Dia mulai menjelaskan kenapa dia bisa melakukan keduanya dan hal-hal baik lainnya.

“Awalnya aku emang nggak suka belajar. Aku mudah ngantuk dan sering kesulitan menyelesaikan soal. Tapi, semakin aku menguasai pelajaran, semakin aku merasa kalau ini berguna di sekolah.”

“Tapi kan, Ken. Belajar itu nggak ada gunanya buat masa depan, bukan? Tergantung pekerjaanmu, bahkan mungkin nggak ada guna sama sekali.”

Tanya Ike pada Sudō, mengutarakan keraguan yang mungkin pernah dirasakan setiap orang.

“Aku juga dulu mikirnya belajar mengganggu banget buat jadi pemain basket profesional. Tapi, gimana kalau nggak jadi profesional? Kalau aku tidak bisa belajar, apa kerjaan yang bisa kulakukan? Mungkin hanya pekerjaan yang bisa dilakukan siapa saja, bukan?”

Tidak perlu menyebutkan nama pekerjaan tertentu, tapi pilihannya pasti lebih terbatas daripada orang biasa.

“Kalaupun gagal jadi pemain profesional, asalkan aku belajar, pilihan pekerjaanku bisa lebih banyak, kan? Aku bisa lanjut ke perguruan tinggi dan mendalami hal yang lebih spesifik lagi. Yah, aku belum tahu pasti juga sih sekarang pengennya apa.”

Tidak ada yang menyuruhmu untuk hanya memiliki satu mimpi saja.

“Belajar adalah investasi untuk diriku di masa depan. Aku mikirnya begitu.”

Meskipun jalan Sudō untuk menjadi pemain basket profesional yang telah ia kejar selama bertahun-tahun terhalang.

Asalkan ia memiliki satu mimpi besar lagi, ia tidak akan mengalami kegagalan dalam hidup.

Ini adalah sedikit cerita tentang pertumbuhan pola pikir Sudō melalui studinya.

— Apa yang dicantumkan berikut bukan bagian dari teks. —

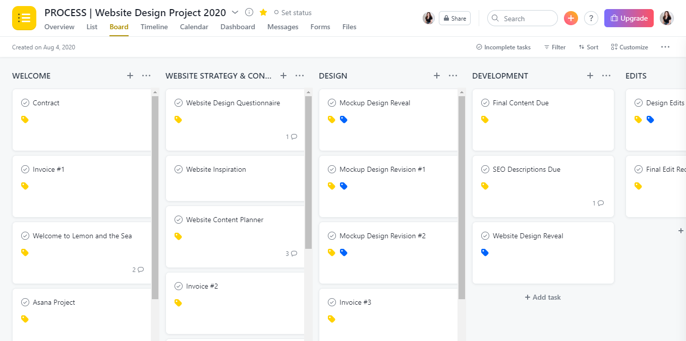 The project is set up as a Board (I like this better visually when walking clients through how to use Asana) and contains sections for on-boarding, website strategy & content, design, development, edits, launch, and off-boarding. Of course, they can change this view to anything they prefer.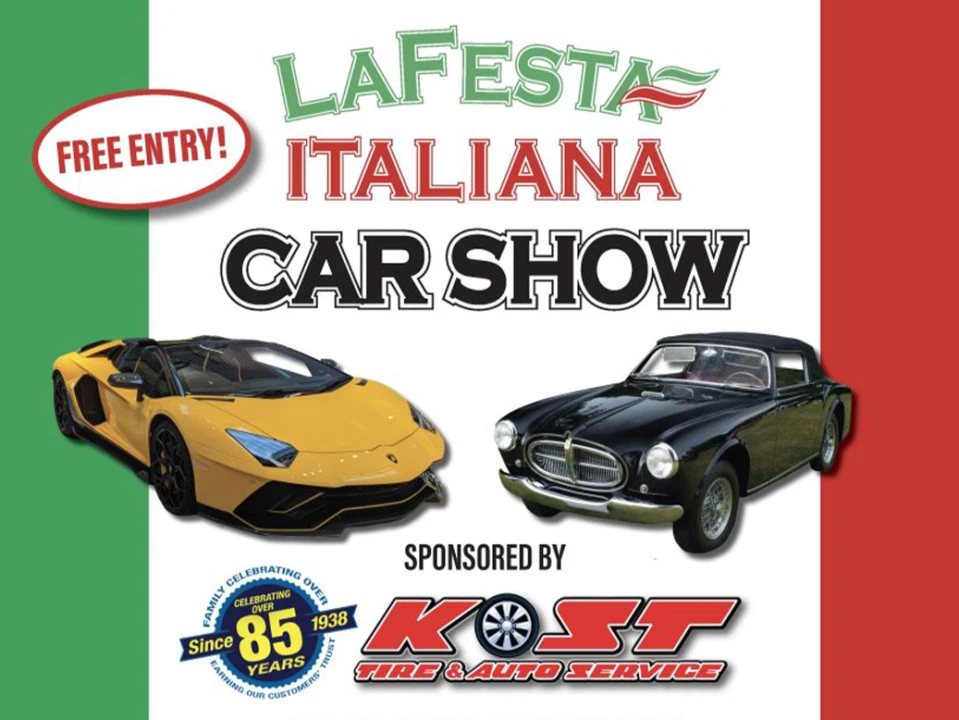 This annual event, sponsored by Kost Tire & Auto Service, offers automotive enthusiasts the chance to admire stunning vehicles while enjoying La Festa Italiana’s festive atmosphere. Awards will be given for 1st, 2nd, and 3rd place, making it a friendly yet exciting competition for participants.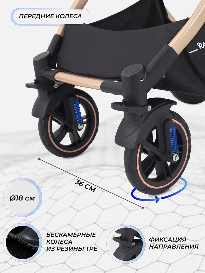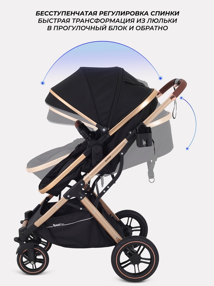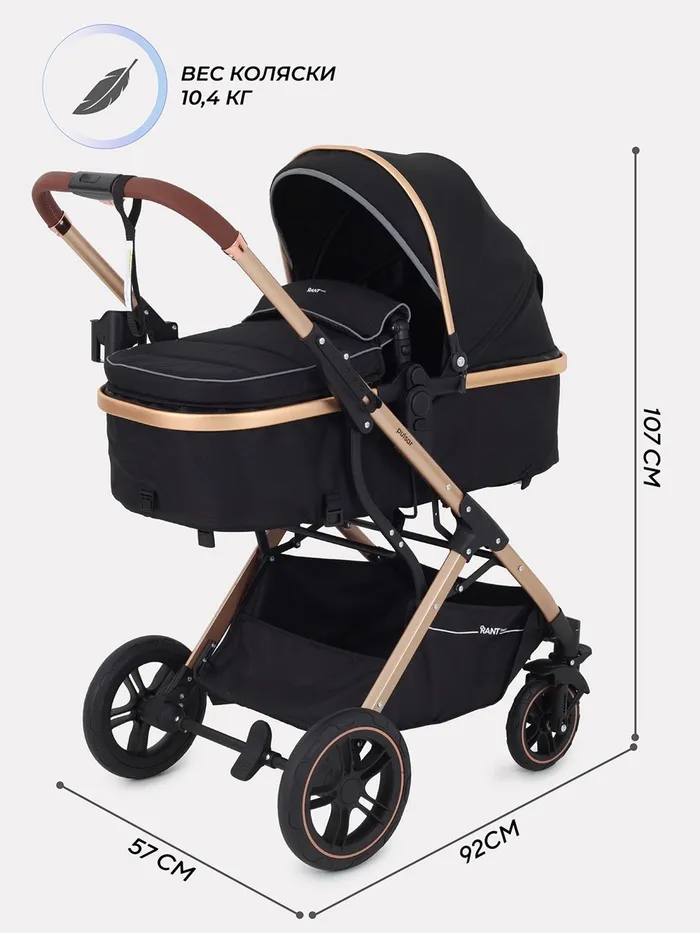Коляска - трансформер детская RANT basic PULSAR GOLD (2в1) RA160, черный — Характеристики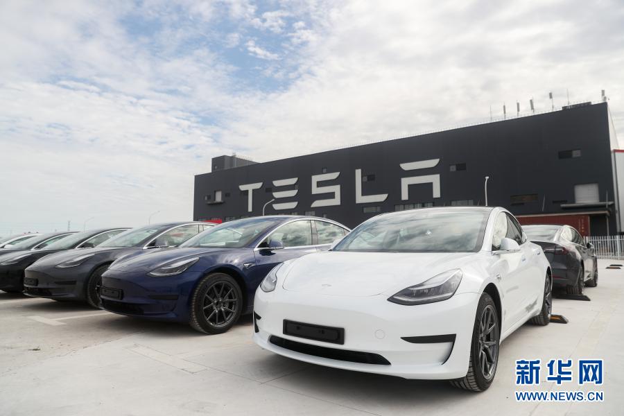 10月26日拍摄的特斯拉上海超级工厂内的Model 3汽车。新华社记者 丁汀 摄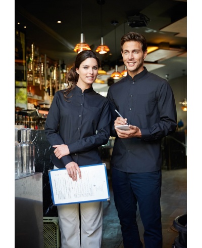 65% Polyester / 35% Popeline-Baumwolle. Pflegeleicht. Knopfloser Mao-Kragen. Ton-in-Ton Knöpfe. V-förmige Brusttasche links. Lange Ärmel mit abgerundeten und weitenverstellbaren Manschetten. 1 Ersatzknopf. Rund geschnittener Saum.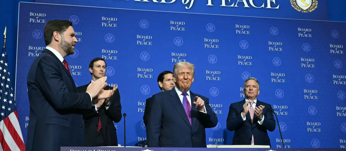 El presidente Donald Trump y sus colaborares más cercanos en un acto de la Junta de Paz en Washington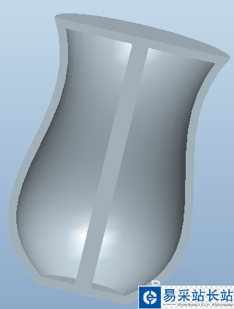 6、若第四步中選擇加厚10,并且將旋轉角度調整為180,則旋轉而成的實體如下所示,即每條邊均偏移了10mm形成了一個殼體。

Sesuatu yang dulu mungkin akan diketawakan, tapi kini semua orang di sekitarnya mendengarkan dengan serius tanpa mencemooh. Ini menunjukkan bahwa kata-katanya itu berbobot dan nyata. Sudō yang terlihat malu duduk kembali dan segera membuka buku catatannya.

“Su-Sudah, kan? Ayo kita mulai belajar sekarang.”

Kata Sudō tanpa menunjukkan sedikit tanda-tanda kelelahan seperti seorang yang baru pulang dari aktivtas klub lebih keras dari siapa pun. Meskipun dia bukan tipe orang yang pandai berpidato, kata-katanya yang jujur dan tindakannya justru bisa mengena di hati orang lain.

Itu adalah momen yang pasti sangat menggetarkan hati para siswa yang berada di posisi rendah, seperti Shinohara dan Ike.